Cunningham entered the food world with an Instagram account offering free pizza each day to the first person who asked for it. It has since grown to a brick-and-mortar concept. He and Sidoris have long been friends. They said they plan to maintain the bar’s heritage while “enhancing the space” with upgraded lighting and a deep clean.
Sidoris says he’s excited about his first go in the restaurant world.
“To own a bar in Vegas is something to be excited about, but to own a piece of Las Vegas history is something else entirely,” Sidoris said. “My partner Robby and I couldn’t be more motivated to maintain what makes the Hard Hat a staple in the Downtown Vegas community and accentuate its historical value.”
The Hard Hat is about 1,600 square feet with a patio outside. It can seat 97 people and host up to 150 for events.
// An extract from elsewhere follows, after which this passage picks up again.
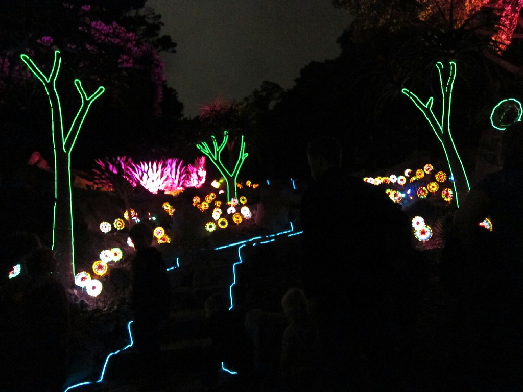Nach einem weiteren Kaffeestopp in der Bücherei und einem Bummel durch drei der unzähligen Outdoorläden in der Innenstadt gehen wir kurz zurück zum Camper und rüsten uns für den Abend, Denn wie es der glückliche Zufall will, läuft gerade das New Zealand Festival. Dazu gehört auch ¨Power Plant¨, eine Licht/Sound Installation im Botanischen Garten, die kurz nach Einbruch der Dunkelheit beginnt. Vorher versuchen wir, in den Geschäftstraßen noch etwas zu essen zu erjagen - aber da bleiben nach 18 Uhr nur McDonalds oder Burger King. Nachdem die Kinder mit Chicken Nuggets, Pommes und Eis recht zufrieden und satt sind, geht es zur Cable Car de Hügel hinauf. Dort stellen wir erstaunliches fest: Das Cafe hat noch offen! Kann aber nur am Festival liegen. Wir holen uns Karten und vertreiben uns noch eine Dreiviertelstunde Wartezeit. Bis es endlich 20.30 Uhr ist und losgeht, haben sich tatsächlich schon etwa 200 Menschen versammelt. Aber wir stehen zufällig bei der ersten Tour in der ersten Reihe.

All beers, except specialty pours, are served in 22-ounce mugs. Apart from the signature Detroit-style pizza, the menu includes $7 warm breads such as Wild Bread, Gorilla Knots and Hot Churros; $7 potato tots in three styles — poutine, Parmigiana and Garlic Parm — and $10 wings with your choice of Salted, Frank’s RedHot, Sriracha, Garlic Parm or Mike’s Hot Honey.
Sidoris also has plans to bring in A-list guest bartenders, tap takeovers from breweries, game nights on Tuesdays, and Karaoke on Wednesdays.
Cunningham said pizza sales are on the rise: He started making 15 pies a day and now is making 50 to 100.
“It’s scaled up quite a bit,” he said.